Ice Block There are several ways to use this spell to shield yourself from incoming damage. You can throw it up as reactionary tactic when things go south, preserving your frail mage body for a few seconds and redirecting your problems elsewhere. You can use it preemptively, walling yourself off in advance of guaranteed incoming damage. I actually like this method a lot, using it just prior to things like Baron Ashbury's Asphyxiate to take the stress off the healer. I also really like using Ice Block as DoT remover. Whenever something particularly nasty gets applied to me, I just Ice Block it away and then resume the business of mass destruction.

Cauterize I love this talent. I love everything about it. Not so much a way to mitigate incoming damage as it is a way to cheat death, rogue-style. Cauterize allows us to survive any attack that would otherwise kill us outright. It can only occur once per minute, but that's actually pretty damn often in most fights. If you're having to cheat death more than once per minute, you may be doing it wrong -- and by "it," I mean the act of actually being a mage.

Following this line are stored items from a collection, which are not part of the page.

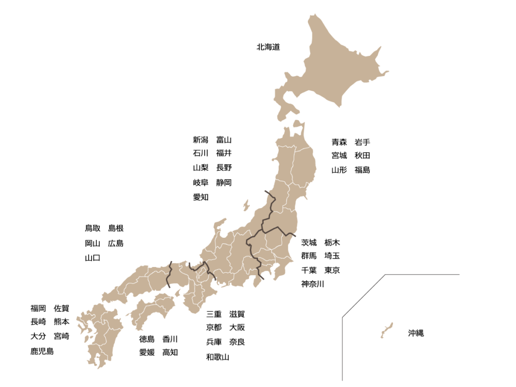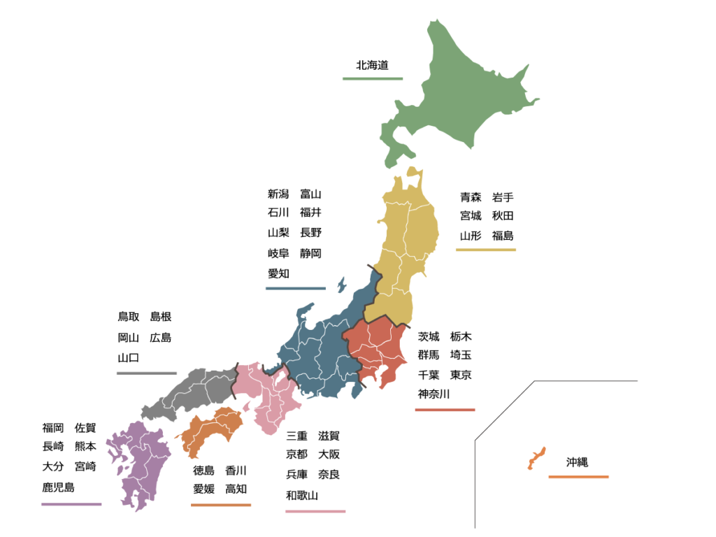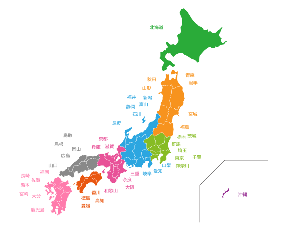 それでは練習です。接近の原則を使って、下にある日本地図を使って都道府県を地方別にグループ分けしてみましょう。
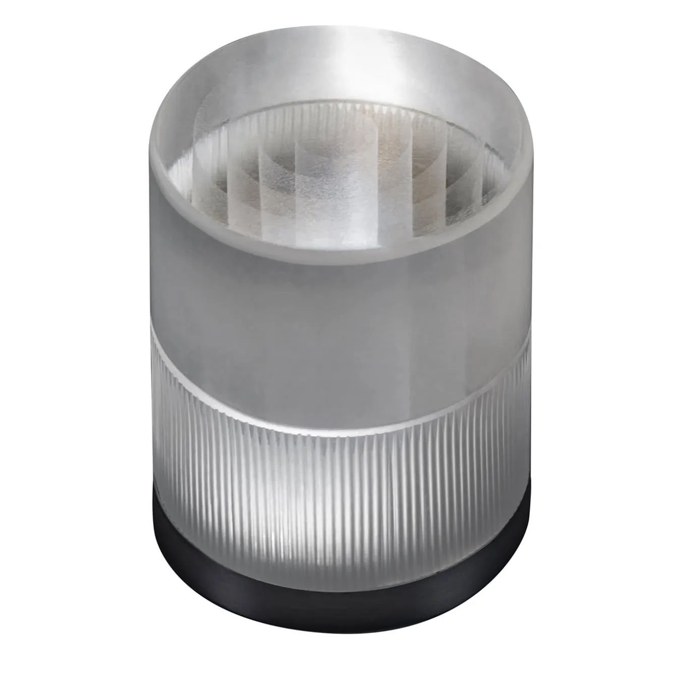 Small in size but big on style, this Murano glass table lamp designed by Milan-based designer Federico Peri is distinguished by special engravings on the glass. Part of the Incisioni Collection, it is available in crystal, smoke, rosé and features a brushed aluminum base and a cylindrical body, smooth on top and graciously pleated at the bottom. Illumination is provided by dimmable 1.4 W 85 lumens 3000° K, please contact the Concierge for additional technical specs.
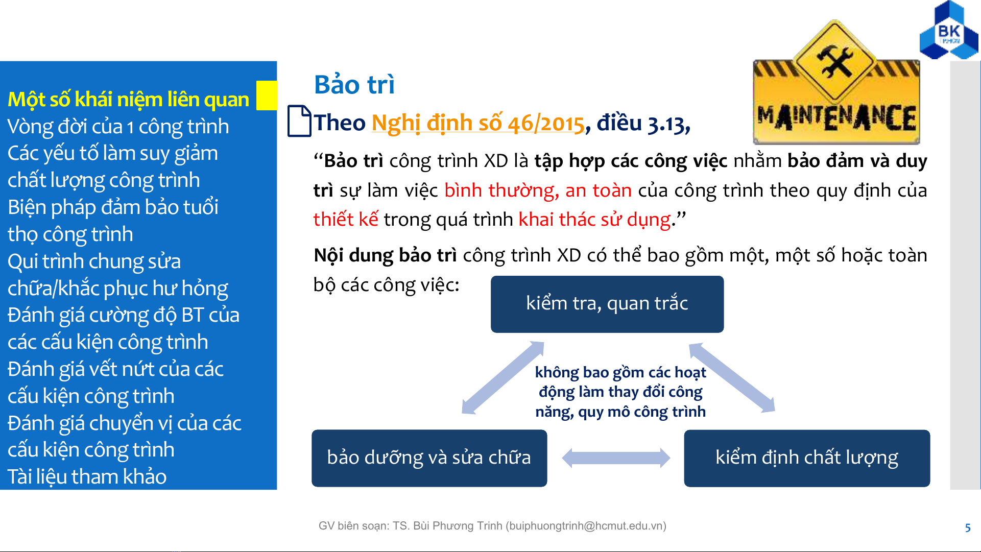 “Bảo trì công trình XD là tập hợp các công việc nhằm bảo đảm và duy
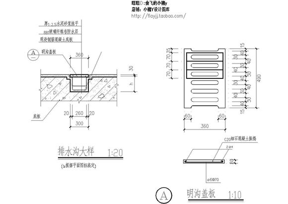 本资料为:排水沟大样明沟盖板详图设计,共1张图纸,可供设计师参考。
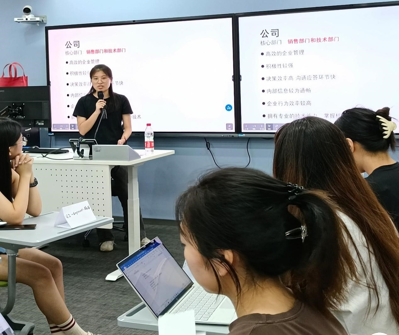 13点30分,各组陆续收到第一轮线索。第一轮买方依次会见各供应商,各供应商分别向买方作对公司和产品作简要介绍,后提交相应报价。限时为15分钟。即使是第一轮,各组都展现了锐利的士气,在展示和谈判过程中自信坦然。
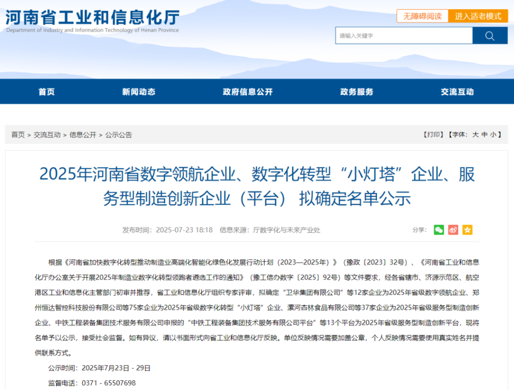 近日,河南省工业和信息化厅公布了2025年河南省数字化转型 “小灯塔” 企业名单。郑州3118云顶集团生物工程有限公司凭借在食品制造业领域的数字化转型与持续深化应用的卓越实践表现,成功入选。
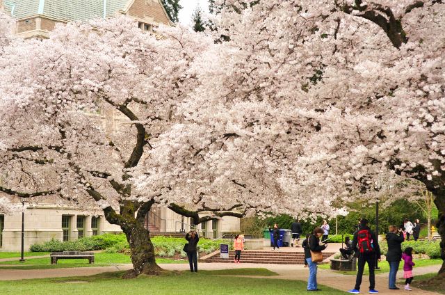 5分 超棒华盛顿大学(University of Washington),简称UW,是位于美国华盛顿州的一所公立研究型大学,不仅是美国西岸历史最悠久的公立大学,而且号称是全美前三的最美大学!如果你来西雅图就请务必安排一天的时间来游览,一定不会让你失望!华大以其优美的自然环境和卓越的学术氛围闻名于世,漫步在校园里,你会发现绿树成荫,鸟语花香,仿佛置身于一个巨大的植物公园之中,校园内有许多标志性建筑,其中最著名的是哈利波特风格的图书馆,国人戏称苏州楼,这座宏伟的建筑不仅是学术研究的圣地,也是拍照打卡的热门地点,站在图书馆前,你会被它的庄严气势所震撼,更为震撼的当属喷泉雪山相互辉映的场景,每年樱花季,不计其数的海内外游客蜂拥而至的来此观赏这一独一无二的自然奇景!
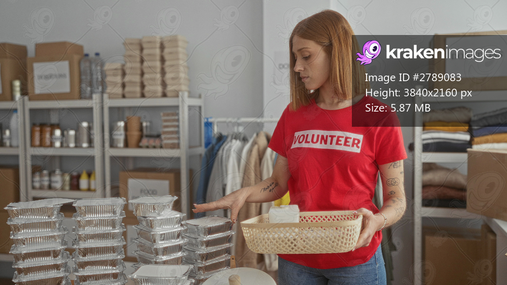 Young woman volunteer organizing supplies in an indoor donation center, wearing a red shirt and surrounded by shelves of food and clothing donations.
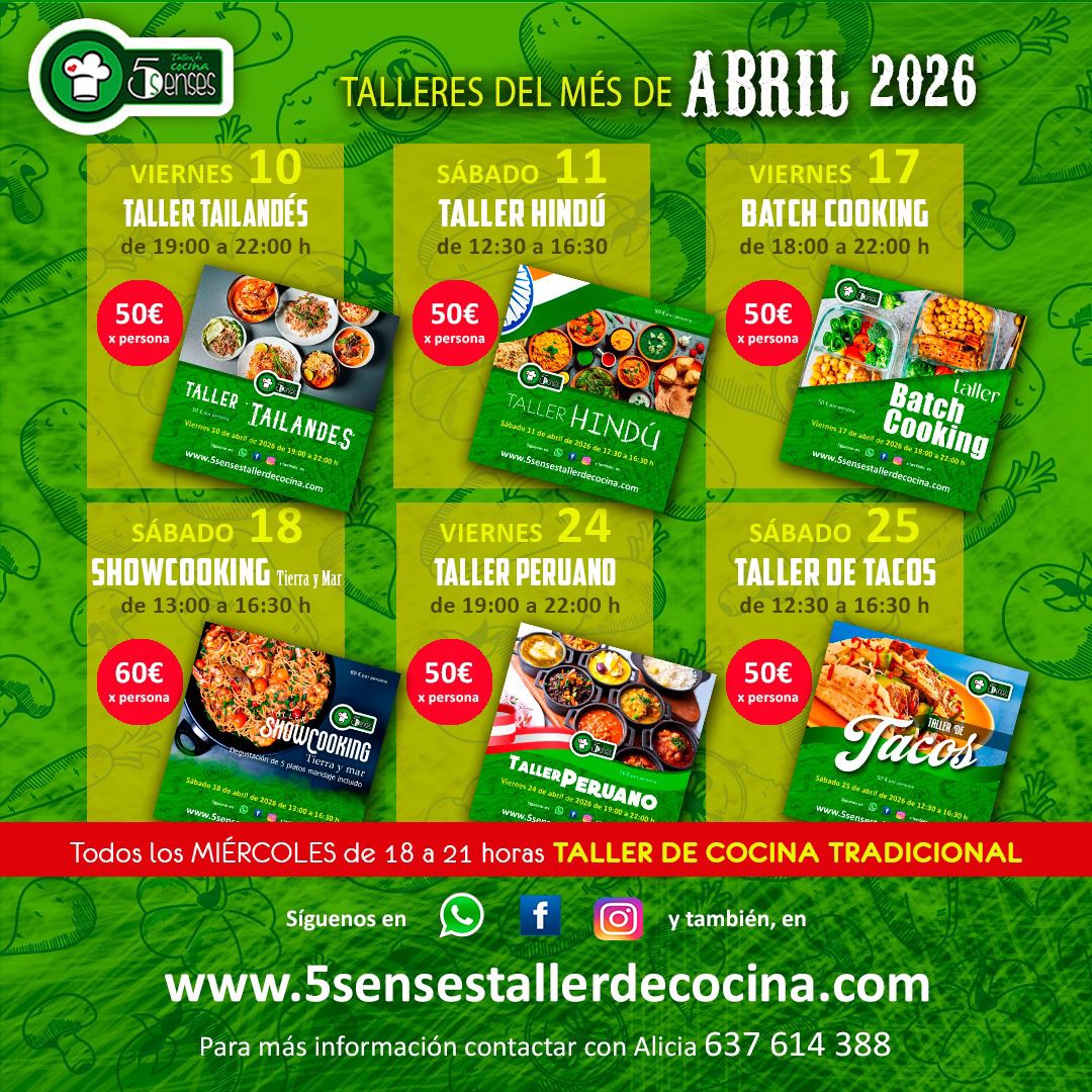 Las plazas son limitadas. Si alguno de estos talleres te llama la atención, no lo dejes para después. Consulta toda la información en www.5sensestallerdecocina.com o contacta con Alicia en el 637 614 388.
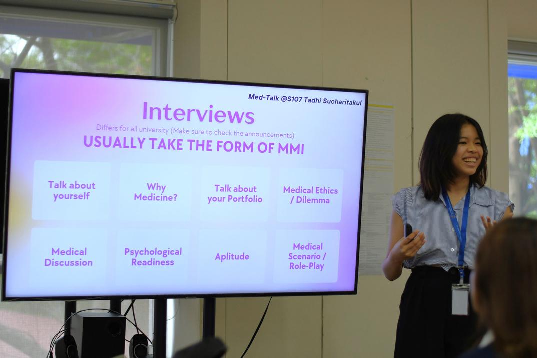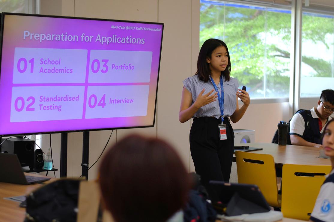 In an inspiring session for our high school students, on Monday 26th February, alumnus Tadhi Sucharitakul (Kati), currently a first-year medical student at Princess Srisavangavadhana College of Medicine (PCSM) in collaboration with University College London, debunked the common myth that medical school is all work and no play. Kati’s journey into medicine offers an exciting glimpse into the life of a med student, blending rigorous academics with enriching social and extracurricular activities.
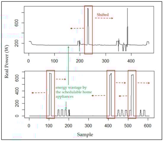 A smart city in brief can be defined as a city in which Information and Communication Technologies (ICT) such as smart sensing, cognitive learning as well as context-aware computing are employed to make lives more comfortable and sustainable []. The Internet of Things (IoT), being designed and used to respond to needs for real-time and context-specific information intelligence and analytics to address specific local imperatives [], is a key enabler for smart cities. Management of smart and green buildings and houses in downstream sectors of a smart grid often requires analyzing IoT data from inter-connected end-sensing devices and actuators, to optimize electrical efficiency and comfort satisfaction. Smart grid techniques, which conduct ICT to upgrade a traditional power grid into a smart one, are being developed to gains of energy inefficiencies by consumers where residential households have a significant role in energy consumption and threaten the power grid in grid health and power reliability. From smart and green buildings and houses in downstream sectors of a smart grid, significant efficiency gains make cities sustainable in terms of resources. The realization of smart, energy-efficient as well as green home infrastructure will form the backbone of future green city architecture []. Therefore, energy management covering Demand-Side Management (DSM), peak load reduction, and carbon emissions reduction [] in smart buildings and houses is a key aspect of building efficient smart cities []. As pointed out in [], there has been evidence from various load surveys that the demand of electricity in residential and commercial buildings is highly variable and changes throughout the day. Hence, conducting efficient energy management of home demands as well as reducing peak energy demands meet the rapidly growing need of building efficient smart cities. In contrast with increasing the maximum power generation capacity by more required power generators of power plants in a smart grid, reducing peak loads is mostly valuable for utilities to meet the increased energy demands. Demand Response (DR) strategies that motivate consumers to re-shape load profiles as well as limit peak energy demands by home appliances through smart meters based on time-based rates are gaining an importance in a smart grid, due to continuously increasing energy demands by consumers. Both the consumers that respond to DR signals in exchange for a discount on electricity prices and the utilities that ensures the un-jeopardized stability of the smart grid can benefit from DR as DSM.
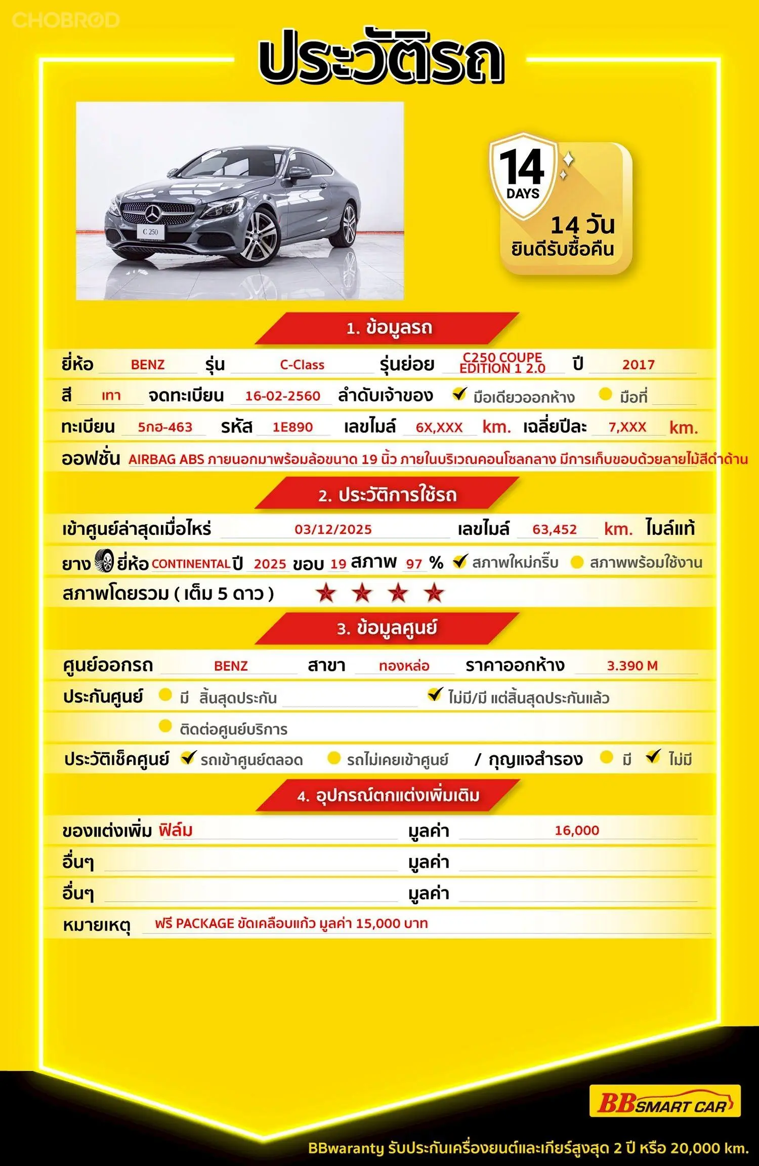 MERCEDES-BENZ C-CLASS C250 COUPE EDITION 1 2.0 W205 AT 2017 ออกรถ 0 บาท จัดได้ 979,000 บ Line:@bbsmartcar 📍BBsmartcar สาขา 1 สี่แยกมไหสวรรย์ 1E890 MERCEDES-BENZ C-CLASS C250 COUPE EDITION 1 2.0 W205 AT 2017 💸price 959,000 บาท *** Highlight *** BENZ C250 COUPE EDITION 1 สีเทา Tenorite Grey ปี 2017 แท้ สปอร์ตหรูหรา ภายในทนสีน้ำตาลสลับดำ (Saddle Brown/Black) หุ้มหนัง ARTICO สลับ DINAMICA microfibre เดินด้ายสีเทอร์ควอยซ์ (Turquoise) แผงคอนโซลตกแต่งด้วยลายไม้สีดำด้าน (Open-pore black ash wood) ตัดกับอลูมิเนียม เพิ่มความโฉบเฉี่ยว หายาก วิ่งน้อยเพียง 64,XXX KM. รถจากศูนย์ BENZ THONGLOR เข้าศูนย์ตามระยะที่กำหนด ประหยัดจากป้ายแดงได้ถึง 2 ล้านบาท 💎รับประกันไมล์แท้ 100% กรณีตรวจพบการกรอไมล์ ยินดีคืนเงินเต็มจำนวน 💎รับประกันโครงสร้างรถ ไม่เคยประสบอุบัติเหตุหนัก พลิกคว่ำ น้ำท่วม หรือไฟไหม้ โครงสร้างและแชสซีอยู่ในสภาพสมบูรณ์ สติกเกอร์และแผ่นเพลทครบถ้วน 💎BB Care Plus รับประกันหลังการขายสูงสุด 2 ปี หรือ 20,000 km. 💎ไม่พอใจ ยินดีคืนเงินภายใน 14 วัน 🔥คลิ๊กที่ลิงก์เพื่อดู วิดีโอคันนี้,ประวัติรถ,รูปภาพภายนอกและรูปภายใน https://www.bbsmartcar.com/web-php/index.php/site/cardetail/20260127BD068A5DE4EC 🔥เรามีรถรุ่นนี้ให้เลือกชมอีก 34 คัน https://www.bbsmartcar.com/web-php/index.php/site/car?name_brand=MERCEDES-BENZ&modelCar=C-CLASS&search=one 🔥มีรถให้เลือกมากกว่า 1,800 คัน https://www.bbsmartcar.com/web-php/index.php/site/home NO. 1E890 Brand. : BENZ Year. : 2017 Model. : C-CLASS Grade. : C250 COUPE EDITION 1 2.0 W205 Engine. : 2000 CC Type. : เบนซิน Gearbox : AT Color. : สีเทา Mileage. : 64,XXX KM. (ซื้อสด ราคานี้ยังไม่รวมค่าดำเนินการ 10,000 บ.) เงินดาวน์ : 0 บาท ประกันภัย : ฟรีประกันภัย 1 ปี ค่าดำเนินการ : 10,000 บาท รวมออกรถ : 0 บาท ผ่อน 72 งวด = 18,712 บาท ผ่อน 84 งวด = 17,432 บาท จุดเด่นออฟชั่น 1 : C250 Coupe’ ใช้เครื่องยนต์เบนซิน 4 สูบแถวเรียง 16 วาล์ว ขนาด 2.0 ลิตร 1,991 ซีซี. พ่วงเทอร์โบ กระบอกสูบ x ระยะช่วงชัก : 82.0 x 93.0 มิลลิเมตร อัตราส่วนกำลังอัด 9.8 : 1 กำลังสูงสุด 211 แรงม้า (PS) ที่ 5,500 รอบ/นาที แรงบิดสูงสุด 350 นิวตันเมตร ที่ 1,200 – 4,000 รอบ/นาที จับคู่กับเกียร์อัตโนมัติ 7 จังหวะ 2 : 7G-Tronic Plus+ มีโหมดการขับขี่ให้เลือก ECO / COMFORT / SPORT / SPORT+ และสามารถตั้งค่าได้เองในโหมด Individual 3 : ผลิตจากสเตนเลส และมีแถบยางสีดำป้องกันการลื่น 🎗ภายใน AIRBAG ABS ภายในบริเวณคอนโซลกลาง มีการเก็บขอบด้วยลายไม้สีดำด้าน ผสานด้วยการตกแต่งด้วยอลูมิเนียม บริเวณแผงควบคุมและประตู มีตราสัญลักษณ์ “Edition 1” แป้นคันเร่งและเบรกโดย AMG เบาะนั่งแบบสปอร์ตหุ้มหนัง ARTICO สลับ DINAMICA microfibre สีน้ำตาลสลับดำ และเดินด้ายสีเทอร์ควอยซ์ พรมในห้องโดยสารเป็นสีน้ำตาลปักด้วยด้ายสีเทอร์ควอยซ์ 🎗ภายนอก ภายนอกมาพร้อมล้อขนาด 19 นิ้ว ปัดน้ำฝนกระจกหน้าแบบพิเศษ (ทำงานอัตโนมัติ) ไฟตัดหมอก ไฟหน้าส่องสว่างอัตโนมัติ (เปิด-ปิด อัตโนมัติ) กระจกมองข้าง สีเทาแบบสปอร์ต กระจกมองข้าง พร้อมไฟเลี้ยวในตัว กระจกมองข้าง ปรับและพับด้วยไฟฟ้า 🎗ความคุ้มค่า สำหรับคันนี้หากเปรียบเทียบราคากับคุณภาพ คันนี้ถื
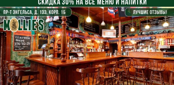 Купон дает право скидки 30% на все меню кухни, безалкогольные и крепкие напитки, а также пенное пинтами в пабе Molly Malone.Как работает купон: |

The downside to this talent, of course, is that it also applies a very powerful fire DoT to you that will kill you over the next 6 seconds without intervention. That's where Mage Ward comes in. I try to save my Mage Ward cooldowns specifically for times when Cauterize comes into play, giving me a small buffer during which the healer might be able to throw a bit of health my way. Ice Block, if you have the luxury, is another good tool here, if you notice the DoT quickly enough to Ice Block it away before it's done much damage to you.

Learn how to avoid damage I'll be repeating this theme again next week, I'm sure. Learn the fights you're going to be taking part in. Read up on them beforehand, and learn from your mistakes and the mistakes of others during the actual fights themselves. Learn the safe places to stand, the times when you need to move, and the best points at which to mitigate incoming damage. Do your homework. It'll save your life more effectively than any spell in your book.

I've gone and run out of room this week, but I feel like the conversation on this topic is far from finished. Surely you, my fellow mages, with your vast reservoir of experience and wisdom in the area of getting killed, can provide us with some tips, tricks, humorous anecdotes, or cautionary tales in the comments section below. Share your pain, friends, that we all may learn, and then come back next week so we can put this particularly morbid topic to bed.

Read the Mage survival guide, part 2.


Every week, Arcane Brilliance teleports you inside the wonderful world of mages and then hurls a Fireball in your face. Check out our recent Cataclysm 101 guide for new mages or our mage Thanksgiving spectacular. Until next week, keep the mage-train a-rollin'.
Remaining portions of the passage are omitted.